Article 1.2. Objectives
1. The objectives of this Agreement, as specifically developed through its principles and rules, including those of national treatment, most-favored-nation treatment, and transparency, are the following:
(a) to stimulate the expansion and diversification of trade in goods and services between the Parties;
(b) to facilitate the movement of goods and services between the Parties and the elimination of barriers to trade;
(c) promote conditions of fair competition within the free trade area;
(d) facilitate the movement of capital and business persons between the territories of the Parties;
(e) to increase investment opportunities in the territories of the Parties;
(f) protect and enforce, in an adequate and effective manner, intellectual property rights in the territory of each Party;
(g) establishing guidelines for bilateral, regional and multilateral cooperation aimed at extending and enhancing the benefits of this Agreement; and
(h) creating effective procedures for the implementation and enforcement of this Agreement, for its joint administration and for the settlement of disputes.

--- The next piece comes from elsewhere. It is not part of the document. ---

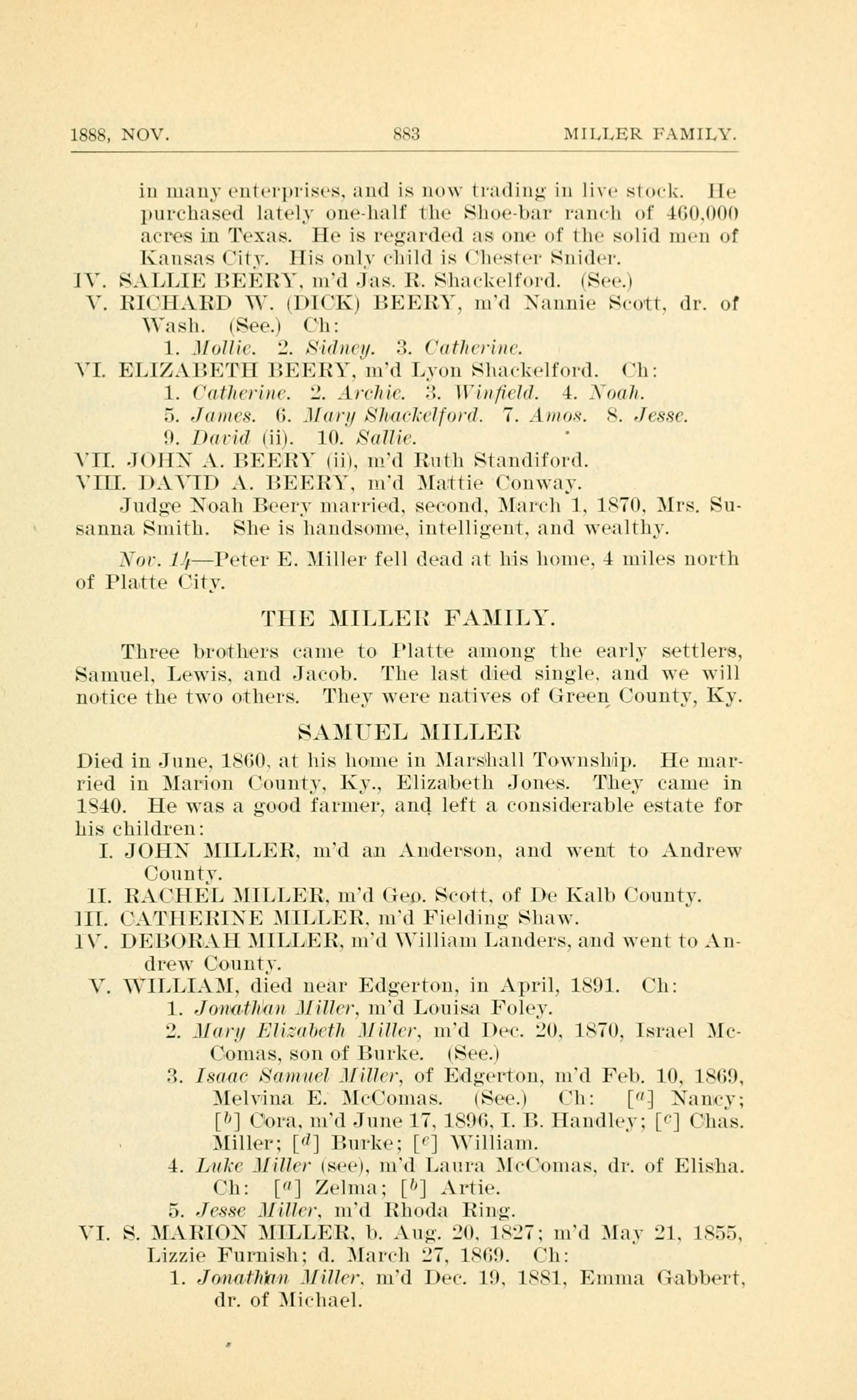 Three brothers came to Platte among the early settlers, Samuel, Lewis. and Jacob. The last died single, and we will notice the two others. They were natives of Green, County, Ky.

2. The Parties shall interpret and apply the provisions of this Agreement in light of the objectives set out in paragraph 1 and in accordance with applicable rules of international law.
Article 1.3. Relationship to other Treaties and International Agreements
1. The Parties confirm the rights and obligations existing between them under the WTO Agreement and other treaties or agreements to which they are a Party.
2. In the event of any inconsistency between the provisions of the treaties and agreements referred to in paragraph 1 and the provisions of this Agreement, the latter shall prevail to the extent of the inconsistency.
Article 1.4. Enforcement of the Treaty
Each Party shall ensure, in accordance with its constitutional requirements, compliance with the provisions of this Treaty in its territory, at the central, regional and local levels, as appropriate, except as otherwise provided in this Treaty.
Article 1.5. Succession of Treaties
Any reference to any other treaty or international agreement shall be understood to be made in the same terms to a successor treaty or agreement to which the Parties are parties.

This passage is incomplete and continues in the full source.